According to our plan, we will allow more impartial critics than ourselves to describe the place, since, in a work professedly devoted to a vindication of the ancients, the testimony of so enthusiastic an advocate as the present writer may be questioned. We have, nevertheless, seen Nagkon-Wat under exceptionally favorable circumstances, and can, therefore, certify to the general correctness of Mr. Vincent’s description. He says:
“We entered upon an immense causeway, the stairs of which were flanked with six huge griffins, each carved from a single block of stone. The causeway is ... 725 feet in length, and is paved with stones each of which measures four feet in length by two in breadth. On either side of it are artificial lakes fed by springs, and each covering about five acres of ground.... The outer wall of Nagkon-Wat (the city of monasteries) is half a mile square, with gateways ... which are handsomely carved with figures of gods and dragons.
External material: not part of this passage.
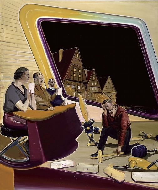 就以勞赫的敘事畫《謎題》(Quiz,2002)為例,在一個工作面試般的場景中,一名男子在三名面無表情的面試官或主考官監視下,試圖將地板上散落的大型幾何益智模型拼組起來。但男子顯然無法完成這項任務,他絕望地用雙手捂著臉,其中一只模型甚至超現實地站立起來,像漫畫人物般嘲笑他的失敗。儘管這幅畫完全可以如持反對意見的藝評家般,視為色彩及人物皆不討喜、充滿負面無助意味的荒謬生活畫面,但從另一種角度來看,這幅畫又可以毫無違和地解讀為東西德統一後的現實寓言:從共產社會來到西方世界求生存的前東德人民,卻發現自己窘迫地陷入一個完全不熟悉遊戲規則的世界。
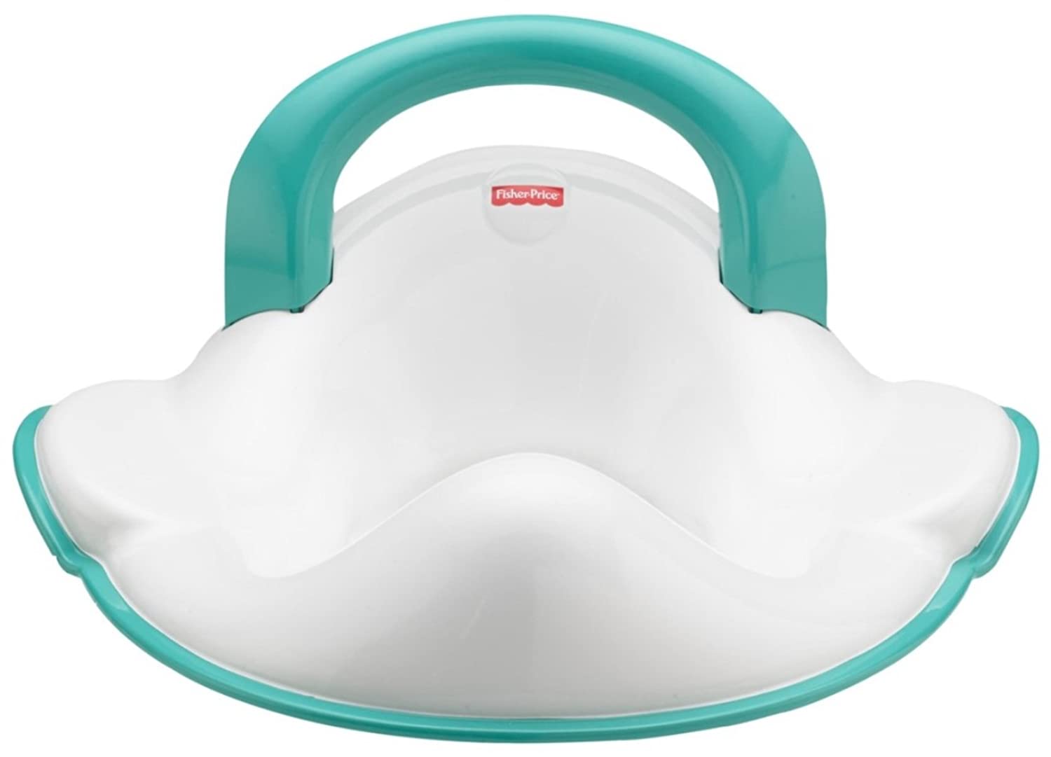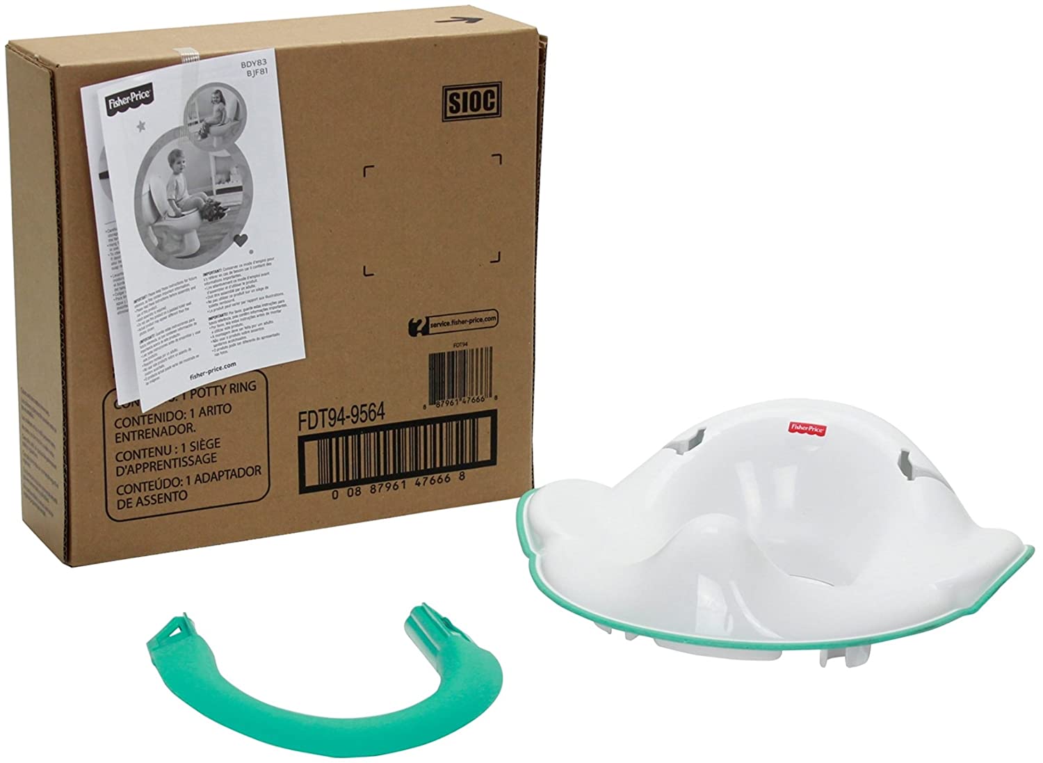 A unique "perfect fit" handle allows this potty ring to quickly and easily adjust to custom fit most toilet seats. Handles on the potty ring help toddlers feel comfortable and secure on the big toilet. An integrated splash guard and easy-to-clean design makes the potty training process easier for parents, too!

The foundations are ten feet in height.... The entire edifice, including the roof, is of stone, but without cement, and so closely fitting are the joints as even now to be scarcely discernible.... The shape of the building is oblong, being 796 feet in length, and 588 in width, while the highest central pagoda rises some 250 odd feet above the ground, and four others, at the angles of the court, are each about 150 feet in height.”
The above underscored lines are suggestive to travellers who have remarked and admired the same wonderful mason-work in the Egyptian remains. If the same workmen did not lay the courses in both countries we must at least think that the secret of this matchless wall-building was equally known to the architects of every land.